The Barcelona Supercomputing Center (BSC-CNS) yesterday inaugurated the MareNostrum 5 supercomputer, the most advanced in Europe, which has been designed to promote research in artificial intelligence, biomedicine, climate change and computer science. The inauguration was attended by presidents Pedro Sánchez and Pere Aragonès, which reflects the importance they attach to this strategic infrastructure for the scientific community in Catalonia, throughout Spain and Europe as a whole.
Not only is the MareNostrum 5 twenty-three times more powerful than its predecessor, the MareNostrum 4, it is also a new supercomputer concept that integrates two complementary supercomputers into one facility. For this innovative design, it has been chosen as the top supercomputing achievement in the world in 2023.
The more powerful of the two supercomputers, technically called ACC, has been designed to boost research in artificial intelligence. The other, called GPP, is a general-purpose supercomputer, like the MareNostrum 4, which means it can be used for different tasks.
“We built it this way because it’s the best way to serve supercomputing users and help solve society’s problems,” says Mateo Valero, director of the BSC. “We are not interested in being the fastest but the most useful”.
The machine, which occupies an area of ??800 square meters and has 160 kilometers of cables, has been installed in the BSC building on the North campus of the Universitat Politècnica de Catalunya.

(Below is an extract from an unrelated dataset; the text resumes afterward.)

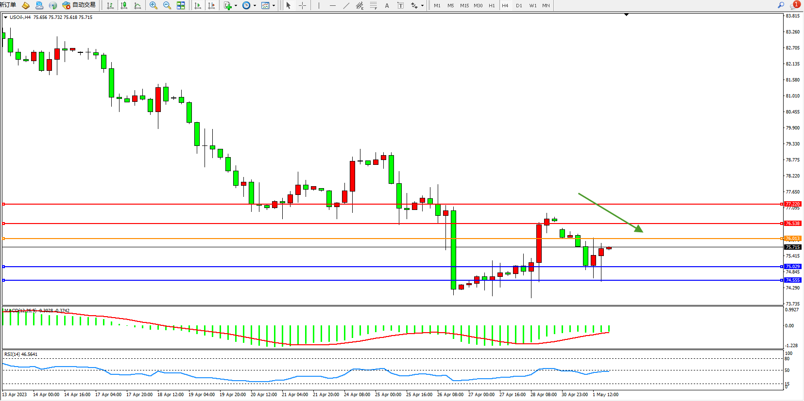 交易策略:76.013下方看跌,目标75.029  74.555

It is surrounded by huge glass windows so that it can be seen by the 20,000 people who visit the BSC every year, two-thirds of whom are students from schools and institutes.
With a calculation capacity that will reach 314 petaflops (or 314,000 trillion operations per second), it will multiply by twenty-three the capacity of MareNostrum 4, which has been the most powerful in Spain since 2017 and which has been dismantled
The European Union has contributed 50% of the 151.4 million euros that has cost the construction of MareNostrum 5, which will be one of the five main nodes of the EuroHPC supercomputing network. “Europe has understood that frontier science needs large computational resources and that the level of investment necessary to compete on a global scale is much higher than what the member states can contribute on their own”, explains Josep Maria Martorell, associate director of the BSC .
Spain has contributed around 35% of the investment, 53 million in total; two thirds come from the central government, and the other from the Generalitat. The remaining budget comes from Turkey (nearly 10%) and Portugal (5%), which thus ensure access to supercomputing resources.
The machine is in the testing phase and is expected to be available to the scientific community from March 1. The use will be distributed according to the investments, so that the EU will have 50% of the time of use, and Spain, 35%.
Its main activity will be research in artificial intelligence, to which 83% of the calculation capacity will be dedicated, which corresponds to the 260 petaflops of the APP partition. The general-purpose supercomputing will have 45.4 petaflops, or 14% of the machine’s computing power. Two quantum computers that will be integrated into the supercomputer in 2024 will contribute the remaining 3%.
As examples of the research that will be done with the MareNostrum 5, Mateo Valero highlights the field of climate change, because it will be possible to make more precise simulations thanks to the greater calculation capacity; biomedicine, in which the BSC develops high-precision simulations of the human body to move towards more personalized medicine, and green energy, for example by simulating the turbulence generated by windmills in wind farms in order to improve their design .
In the latest Linpack ranking, which ranks the 500 most powerful supercomputers in the world, and which was published in November, the ACC and GPP partitions of the MareNostrum 5 were evaluated separately. That is why the machine does not appear at the top of the ranking, as is usual when a new supercomputer enters service, but both components are in the top twenty in the world, which is exceptional. The ACC is now the third most powerful supercomputer in Europe and eighth in the world. The GPP is ranked 19th in the world.
MareNostrum 5 will be the third main node of the European supercomputing network, after Finland’s Lumi and Italy’s Leonardo, which entered service in 2022. It will be followed by Germany’s Jupiter in 2025 and France’s Jules Verne in 2026. Each of these supercomputers is expected to operate for five years. “We have already started thinking about how we want the MareNostrum 6 to be”, which should be built in 2028 to enter service in 2029, says Mateo Valero. “Our dream is for it to be the first supercomputer built with European chips”, like those that have begun to be developed at the BSC.
“We are in a position to lead this technological revolution from the very beginning” with the Perte Chip project, Pedro Sánchez declared yesterday. Pere Aragonès emphasized that the new supercomputer “will allow progress in European strategic autonomy and in the economic and social future of Catalonia”.
At the inauguration of MareNostrum 5, the Minister of Science, Innovation and Universities, Diana Morant, and her predecessors in office, Pedro Duque, now president of Hispasat, and Carmen Vela, responsible for scientific policy in the governments of Mariano Rajoy Mateo Valero thanked the three, who have been decisive in the development of the MareNostrum 4 and 5.